• June 2nd, 2020

Tertiary students must fit into their discourse communities

One of the most prevalent challenges that students at higher education institutions face with their studies is ineffective written communication.  The new academic environment of higher education institutions requires students to communicate in a new, specific and scientific way in order to logically and eloquently express their ideas, either in writing or orally during presentations or discussions.  

What students lack are academic writing skills, especially in their first year of their academic journeys.  More often than not, lecturers complain about the poor expression of ideas in written work and reports. Lecturers face problems in comprehending the answers students give in their essays and reports, especially in courses that require extensive discussions and analyses of information or data. 

In order to ameliorate the students’ challenges with written communication, higher education institutions have established what I will collectively term Communication Skills Centres. The centres are known by different names in different universities. The mammoth task of these Communication Skills Centres is to do damage control by teaching students academic writing skills over a certain period of time. Some of these courses are semester courses or year-long courses.

 Also, the duty of these Communication Skills Centres is to transition students from high school education to the higher education environment where good academic writing is the lifeblood of academic success. The Communication Skills Centres have made concerted efforts to improve the academic communication skills of students. In some cases the centres have mounted intensive courses that have yielded positive results. It is equally true that some of the courses have proved disastrous as students’ work continue to exhibit serious flaws of academic writing after taking the courses. What is disheartening in some cases is that even postgraduate students who under normal circumstances are expected to have mastered the academic writing skills, still face difficulties as they cannot produce work that is free from errors of a basic nature. Some academics have explained the students’ errors as fossilized errors which are difficult to remove from the students’ discourse.

Revealingly, research has shown that students who exhibit excellent academic writing skills are the ones that score tremendous success in their courses. Students in this category present their written work comprehensibly and explicitly. These students have also understood the dangers of plagiarism, the academic sin of using someone else’s ideas and words without acknowledging the original source. The students also tread with caution in making claims in their construction of knowledge as they use hedging or tentative language which protects them from criticism. In other words, these smart students avoid sweeping statements and generalisations which leave their claims open for undue disapproval. What they consider most is the kind and amount of evidence they use to support their argumentation and claims. They make their readers clearly see whether they are presenting facts, specifics, opinions, conjectures, inferences, or assertions or claims. In addition, the work of these students reflects that research was done and that sources were properly referenced, following the conventions of the disciplines or the reference styles prescribed by their institutions, such as the Harvard, the Chicago style and the American Psychological Association (APA) style.

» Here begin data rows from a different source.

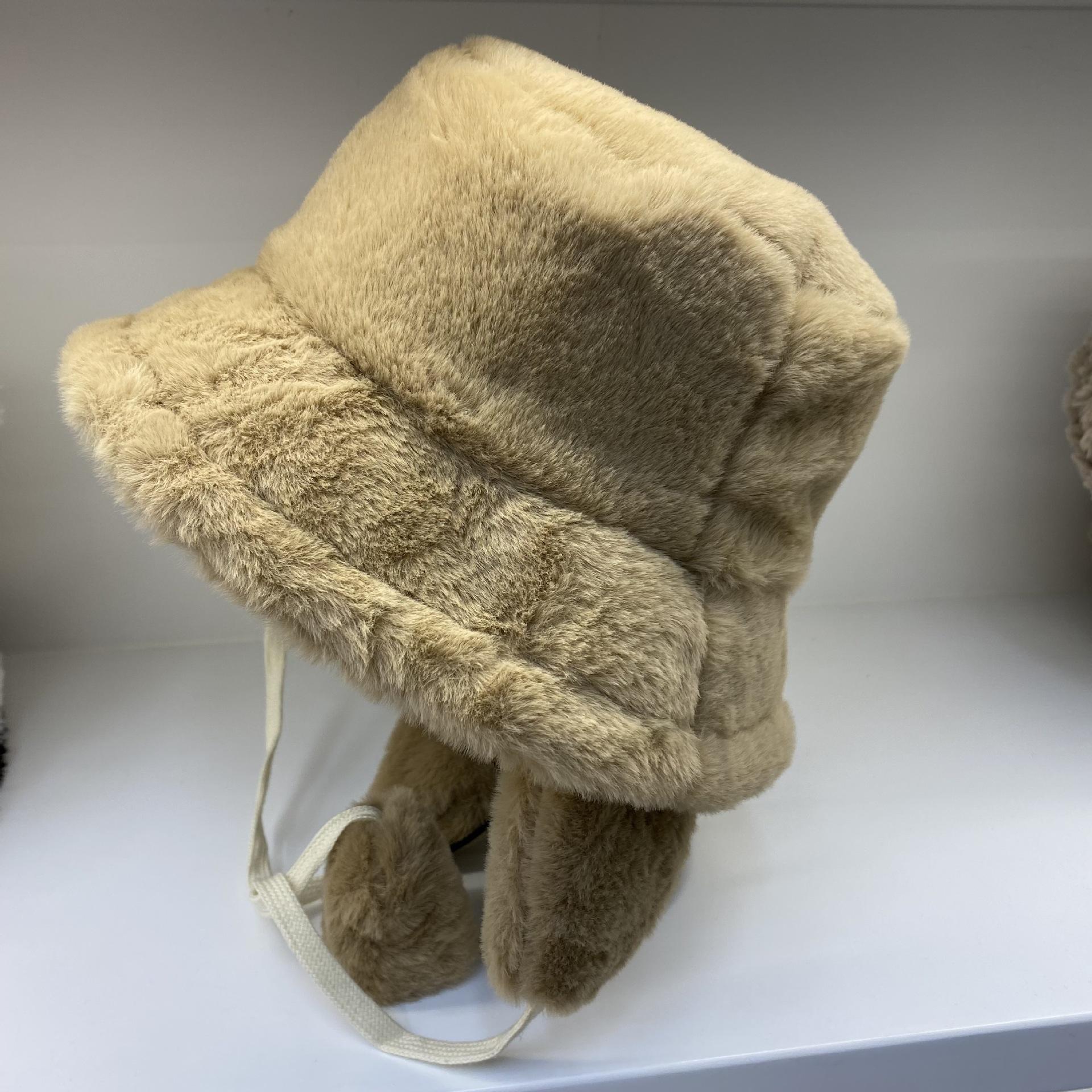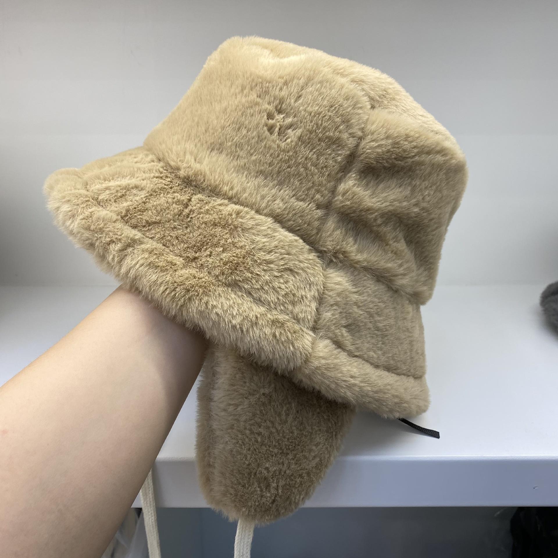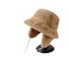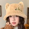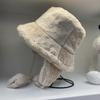 Sombrero de pescador grueso de estilo coreano de invierno para mujer, gorro de lavabo con protección para las orejas desmontable, pequeño, cálido, con aspecto de conejo, para otoño e invierno
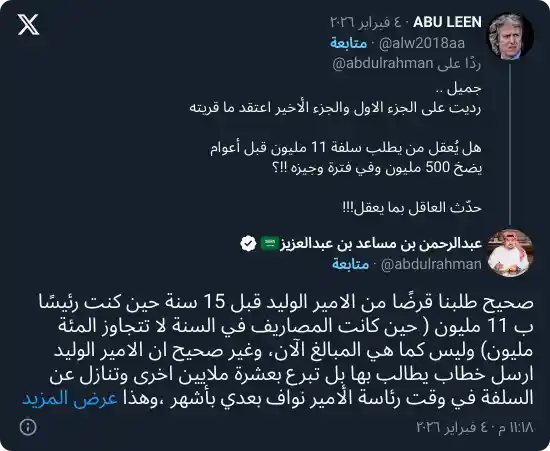 ونفى بن مساعد صحة ما تردد عن مطالبة الأمير الوليد باسترداد المبلغ، مشيرًا إلى أن الأخير تبرع لاحقًا بمبلغ 10 ملايين ريال إضافية، وتنازل عن القرض بالكامل خلال رئاسة الأمير نواف بن فيصل.
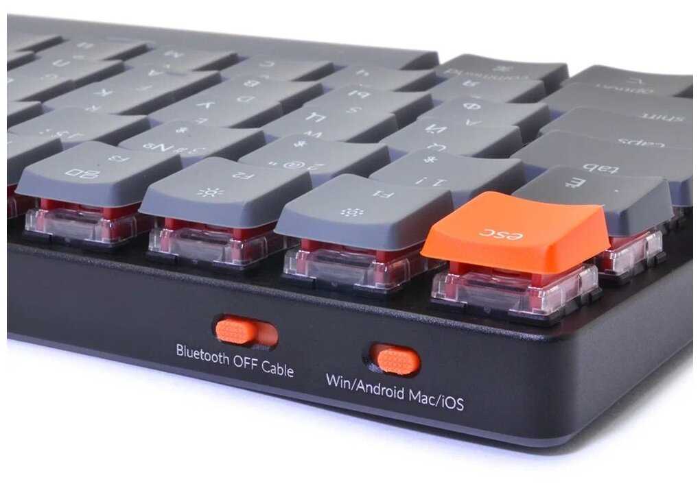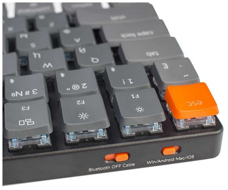 - Поддержка как macOS (с отдельными кейкапами в комплекте), так и Windows, включая переключатель на задней панели.
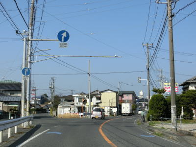 | 家屋が建ち並ぶ間を歩道のない2車線道路で走っていると千葉r186下三原交差点を通過し、里見橋の西詰で千葉r297フラワーライン入口交差点を通過する。r297は交差点の名称が示す通りフラワーラインの入口であり、野島崎を含む房総半島の南端部の入口でもある。 フラワーライン入口交差点からは海岸線を離れて内陸部へと進む。センターライン付きの2車線道路が続くものの歩道は設置されておらず狭苦しさを感じる。南三原駅付近からは歩道が設置されており車線幅に余裕も出てくる。戸前跨線橋でJR内房線の上を通過し、緩やかなアップダウンのある2車線道路を快走する。 |
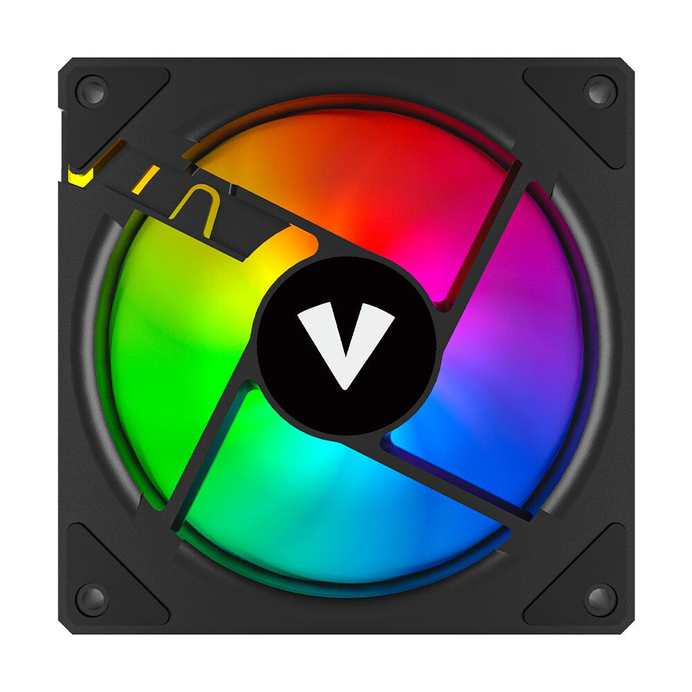 The INFINITY02RB-BLK boasts a mesmerising lighting system that will captivate your senses. The outer ring features vibrant RGB lighting, while the centre and sides showcase an infinite mirror effect that creates a stunning kaleidoscope of colours. Synchronise the lighting with your motherboard for a truly immersive experience.
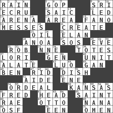 ACROSS 1. Precipitation 5. Grand Old Party 8. Indian title of respect (Mr.) 11. Shade of tan 12. Ketch in the Levant 14. Directed 15. Sports stadium 17. Type of rug 18. Papal veil 19. Makes clutter 21. Make 23. Petroleum 25. Liveliness 26. Small Philippine buffalo 27. Mayday 28. Night before a holiday 31. Director Reiner 33. Compass dir. 35. Lugs 37. Australian parrot (variant) 38. Commissioned mil. rank 40. A single undivided whole 41. Having winglike extensions 43. Nilotic language 45. Separate the seeds from cotton 46. Benjamin's nick name 47. To free from 50. Food container 52. Assistant 53. Compass dir. 54. Severe or trying experience 56. Sunflower state 61. Flintstone 62. Froth on beer 65. Virtuous person 66. Actress Charlotte 67. "Beetle Bailey" pooch 68. Nanny 69. Order of Saint Francis (abbr.) 70. Car or cant ending 71. Sign of something about to happen DOWN 1. 480, 500 or 516 sheets of paper 2. Measure of real estate 3. Angers 4. Religious women 5. Girls' org. (abbr.) 6. Rowing implement 7. Components 8. Narrow board 9. French philosopher Descartes 10. Wedding promise 13. Monte _, Las Vegas Hotel/Casino 16. A really long time 18. Air blower 20. The Jewish people; Israel 22. Compass direction 24. Long (Scottish) 26. "This won't hurt ____!" 28. Inactive volcano in Sicily 29. Distinctive style or manner 30. Eastern Standard Time (abbr.) 31. Hero or heavy, e.g. 32. NW Algerian seaport 34. Snakelike fish 36. Ending for "Through" and "Enough" 37. Experiment locale 39. Unadorned 42. One of the Great Lakes 44. Pig sound 48. Potato state 49. Keyboard key 51. Oceans 52. Find the sum of 54. Mouths or openings 55. Coral collection 57. Billionth: prefix 58. Thailand, formerly 59. Singer Murray 60. Comedian Laurel of Laurel & Hardy 61. Away 63. Had dinner 64. Spanish title
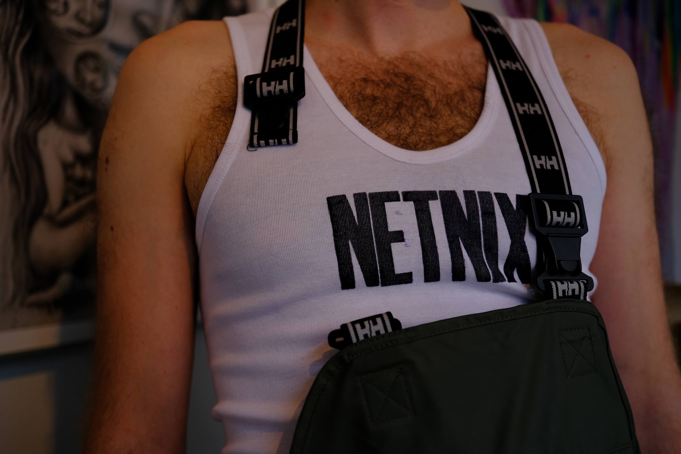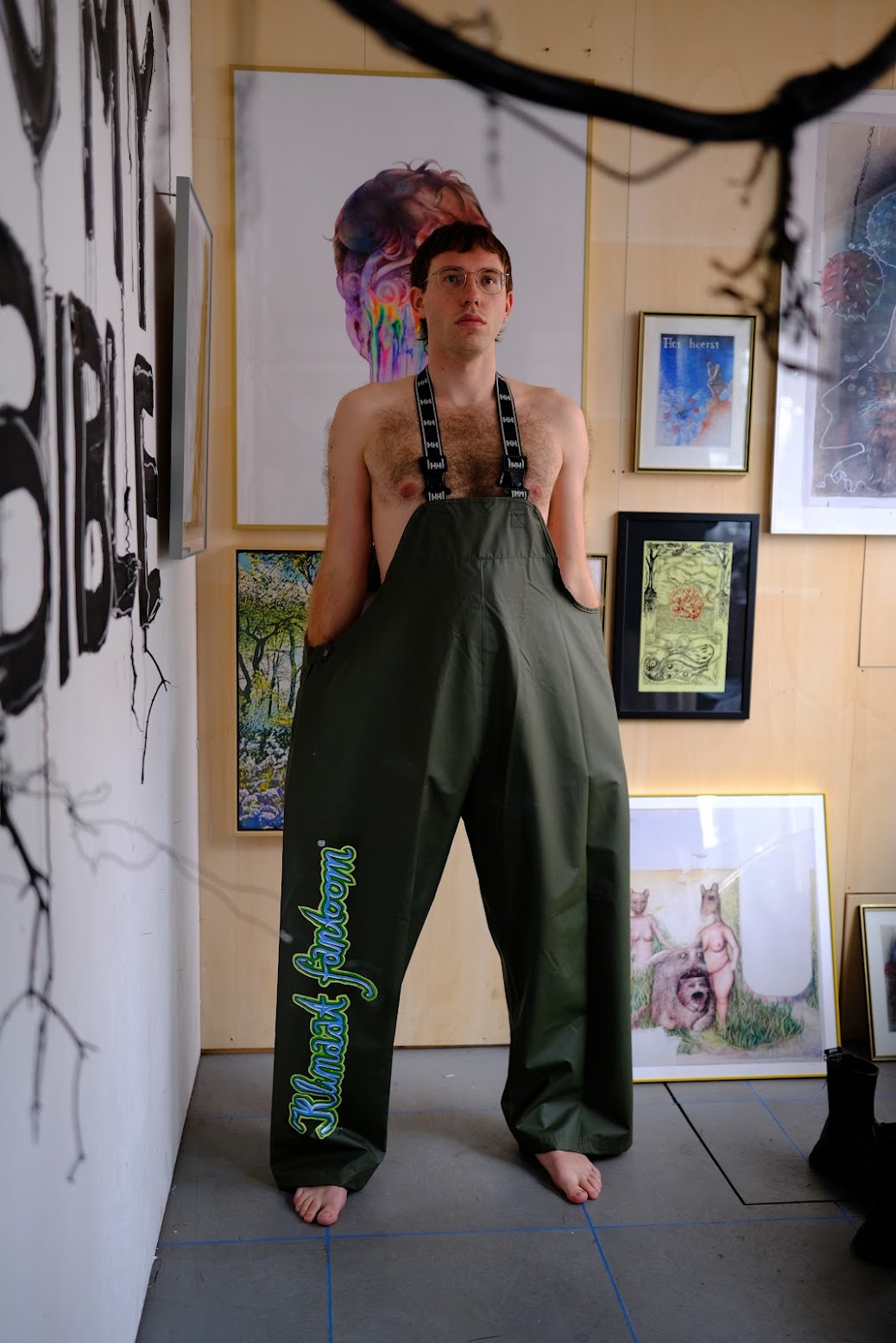 Unieke Klimaat Fantoom broek. Unieke XL tuinbroek om mee door sloten te waden. Olieverf op rubber 2024

Conversely, students whose academic writing is weak tend to perform poorly since they cannot express their ideas eloquently and coherently. Students in this classification often present sloppy work which is incoherent or disjointed. There is evidence of patchwork plagiarism where students have just cut and pasted information from the internet. This affects the logical flow of ideas in their written work. In such types of work, there is no evidence of an academic style that the students have followed. This group of students is the direct opposite of the former group which uses a scholarly approach in writing their work and projects. 

In addition to attending remedial writing courses at the Communication Skills Centres, weak students are advised to study the writing styles in their areas of specialisation.

 By reading and studying a number of theses and dissertations written in one’s area of specialisation will make one conscious of the academic style that is typical in that discipline. They also need to read a lot of literature in their fields of specialisation. For instance, there is a difference in presenting information in the construction of knowledge in social sciences and pure sciences. 

Research shows that researchers in humanities and social sciences use more quotations than researchers in science and engineering. This means that students have to identify with their professional group so that what they write is acceptable to that group of scholars. Put differently, different disciplines form different discourse communities which set criteria of how knowledge is created and communicated in these communities. The discourse communities set ideologies that have to be strictly followed by researchers and writers in these communities. It can be said that these discourse communities have different rules of their games. Students have to follow these rules in order to fit in the academic communities. They fit into these discourse communities by adopting the academic styles of these communities. There is no way students will succeed when they go out of the parameters of their academic communities.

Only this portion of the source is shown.